= Pro-choice and pro-life =

Terms used in the abortion debate

Pro-choice and pro-life are terms of self-identification used within the abortion debate, describing positions which support and restrict access to abortion, respectively. They are generally considered loaded language, since each side frames their position in terms of inherently positive qualities (and thus positions their opponents as "anti-choice" or "anti-life"). For this reason, more neutral or descriptive alternatives are sometimes preferred, for example by describing groups or individuals as supporters or opponents of abortion or abortion rights.

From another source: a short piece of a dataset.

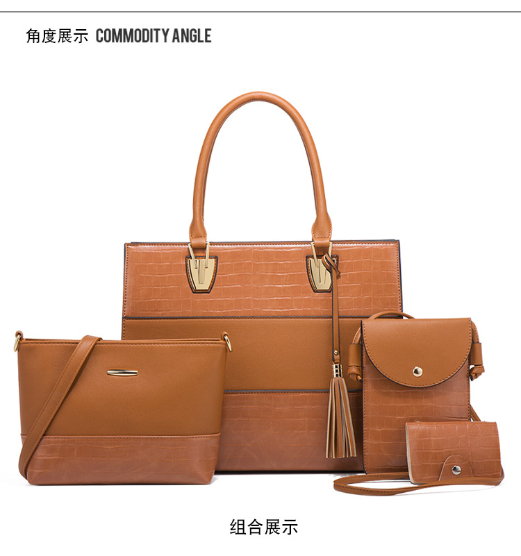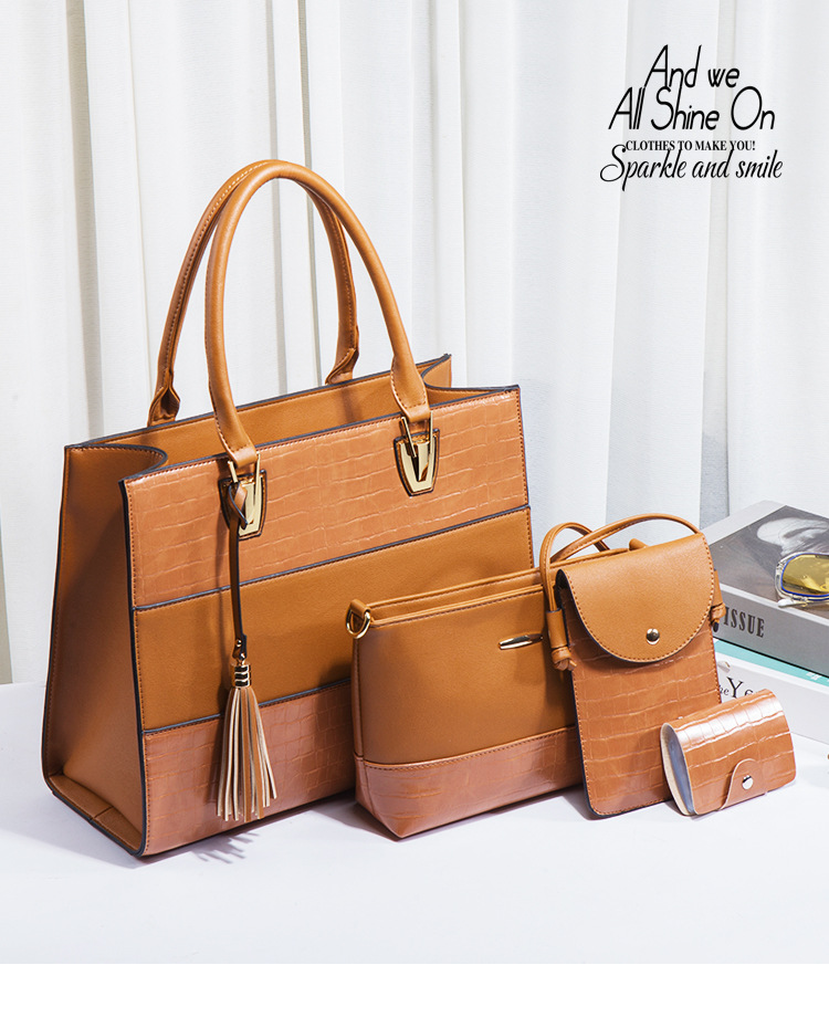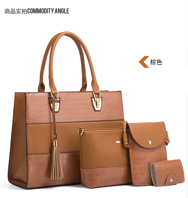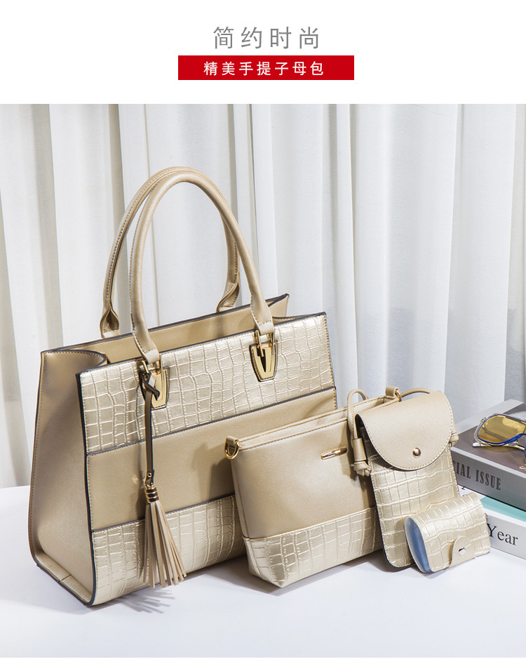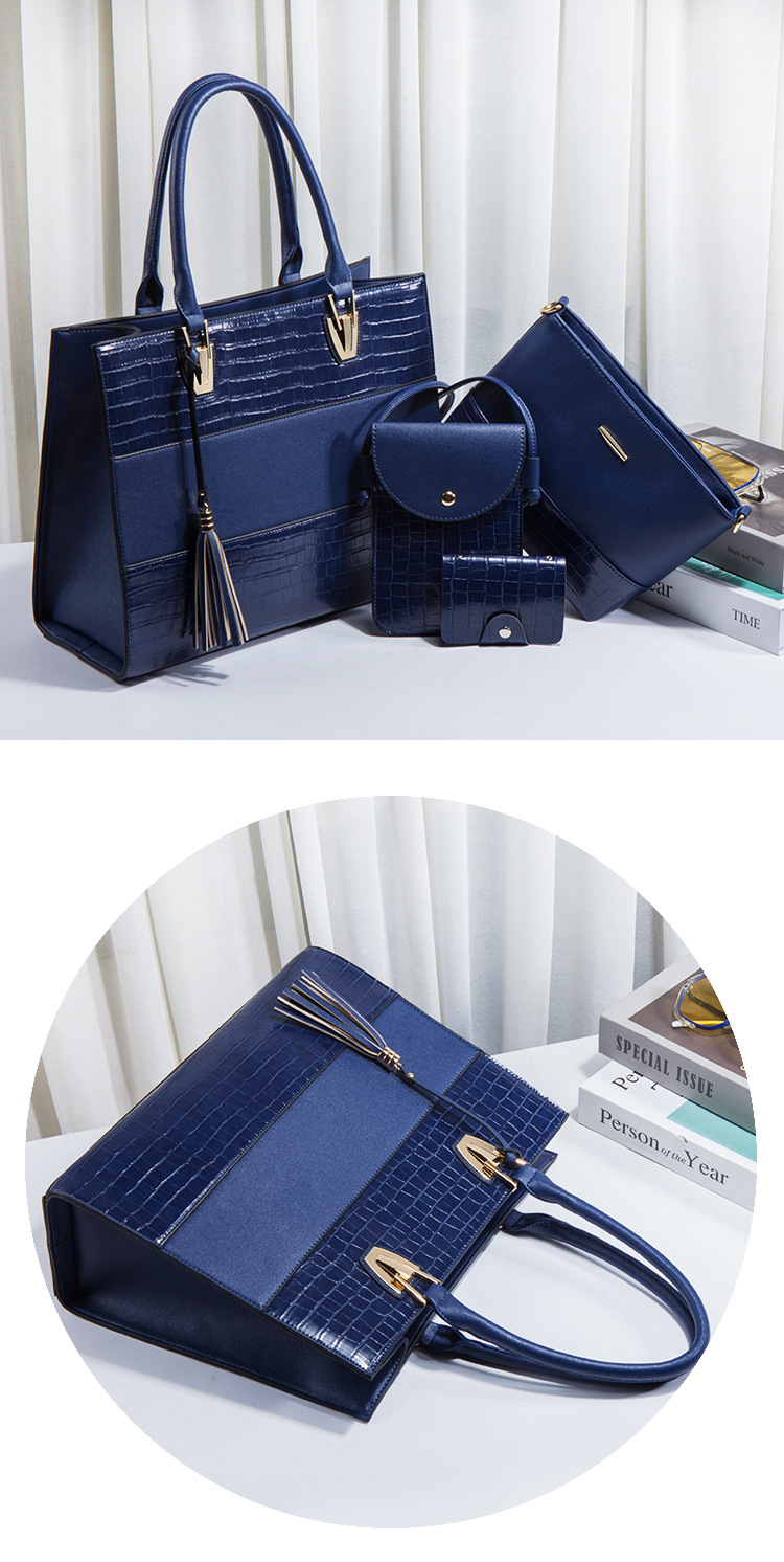 Bộ sưu tập túi xách mới dành cho nữ, mang phong cách hoài cổ với họa tiết da cá sấu ấn tượng. Bộ sản phẩm gồm bốn chiếc với kích thước lớn nhỏ khác nhau, có thể dùng linh hoạt làm túi đeo chéo, túi đeo v hoặc túi xách tay tùy thích. Chất liệu bền đẹp, thiết kế nhiều ngăn giúp sắp xếp đồ dùng gọn gàng. Có thể dùng riêng lẻ từng túi hoặc kết hợp cả bộ tùy theo nhu cầu sử dụng hằng ngày hoặc khi đi chơi. | Tên sản phẩm: Túi Xách Nữ Vân Da Cá Sấu Bộ 4 Món Phục Cổ Cổ Điển - Túi Ví Nữ | Mã sản phẩm: A0693 - Giá: 670.000đ | Mã nhà sản xuất: SHRYIN-G02Hình ảnh sản phẩm
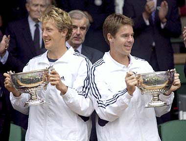Swede Jonas Bjorkman and Aussie Todd Woodbridge celebrate their victory in the Mens Doubles Final. The pair beat Mark Knowles and Daniel Nestor 6-1, 6-1, 6-7, 7-5.

The term pro-life began to be used by opponents of legal abortion around the early 1970s, born from the related term "right to life". The term pro-choice (or "right to choose") was coined in response by abortion rights advocates shortly after.

==Origins==

===Pro-life===
The earliest use of the term pro-life cited by the Oxford English Dictionary is in the 1960 book Summerhill: A Radical Approach to Child Rearing by educator A. S. Neill, though Neill uses it in a more general sense not specific to abortion:

"No pro-life parent or teacher would ever strike a child. No pro-life citizen would tolerate our penal code, our hangings, our punishment of homosexuals, our attitude toward bastardy."

The earliest citation for an abortion-specific sense of the term is a 1971 reference in the Los Angeles Times to "pro-life, anti-abortion educational programs".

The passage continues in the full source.